### EXERCISE BRIEF
Every line below should come back exactly as written, though the pictures stay out.

═════ AVAILABLE DATA

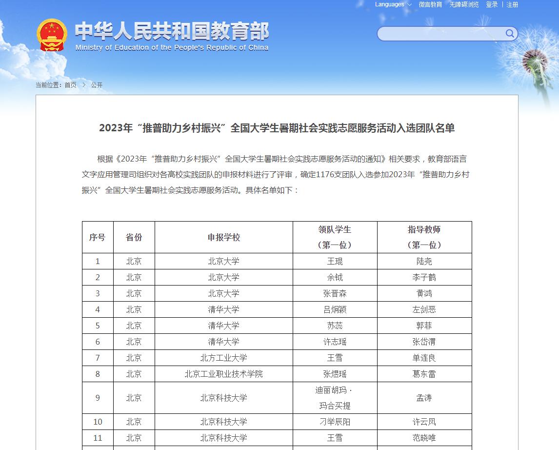近日,教育部网站公布了2023年“推普助力乡村振兴”全国大学生暑期社会实践志愿服务活动入选团队名单,全国共有1176支团队入选,其中四川有98支团队。beat365英国官方网站“'语'爱同行 '援'炉筑梦”藏区推普团成功入选。
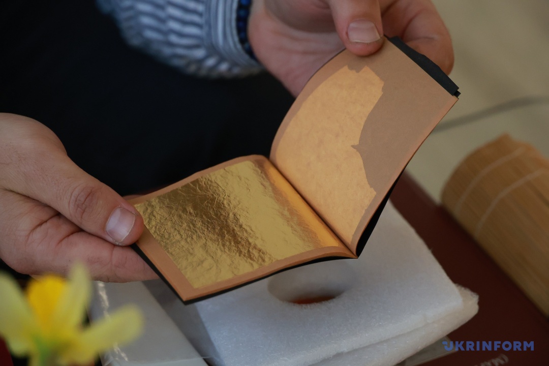 Також Андрій показує нам маленьку книжечку з пластинками сусального золота. У ній – 25 пластинок, ціна «книжечки» – трохи менше ніж дві тисячі гривень. Золотом прикрашають ікону на фінальній стадії. За словами митця, на ікону розміром 30 на 40 см потрібно близько 15 таких пластинок.
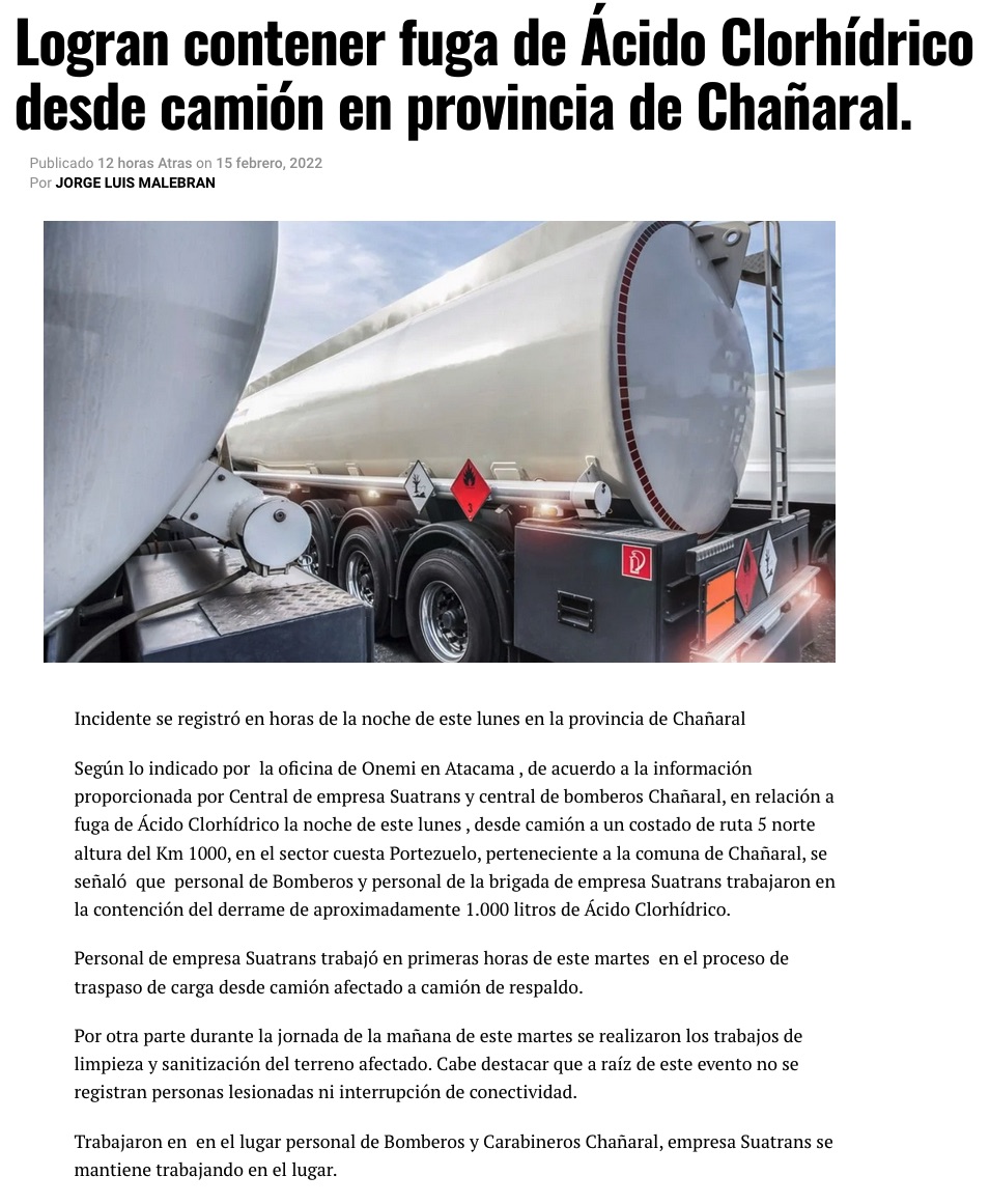 Fuga en camión termina con cerca de mil litros de ácido clorhídrico en la Ruta 5 - (El Diario de Atacama)
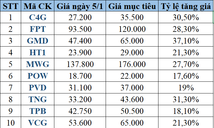 10 cổ phiếu tiềm năng nhất cho tháng 1 năm 2022 được Agriseco lựa chọn (Nguồn số liệu: Agriseco)

══════════

### FINISHED EXERCISE
近日,教育部网站公布了2023年“推普助力乡村振兴”全国大学生暑期社会实践志愿服务活动入选团队名单,全国共有1176支团队入选,其中四川有98支团队。beat365英国官方网站“'语'爱同行 '援'炉筑梦”藏区推普团成功入选。
 Також Андрій показує нам маленьку книжечку з пластинками сусального золота. У ній – 25 пластинок, ціна «книжечки» – трохи менше ніж дві тисячі гривень. Золотом прикрашають ікону на фінальній стадії. За словами митця, на ікону розміром 30 на 40 см потрібно близько 15 таких пластинок.
 Fuga en camión termina con cerca de mil litros de ácido clorhídrico en la Ruta 5 - (El Diario de Atacama)
 10 cổ phiếu tiềm năng nhất cho tháng 1 năm 2022 được Agriseco lựa chọn (Nguồn số liệu: Agriseco)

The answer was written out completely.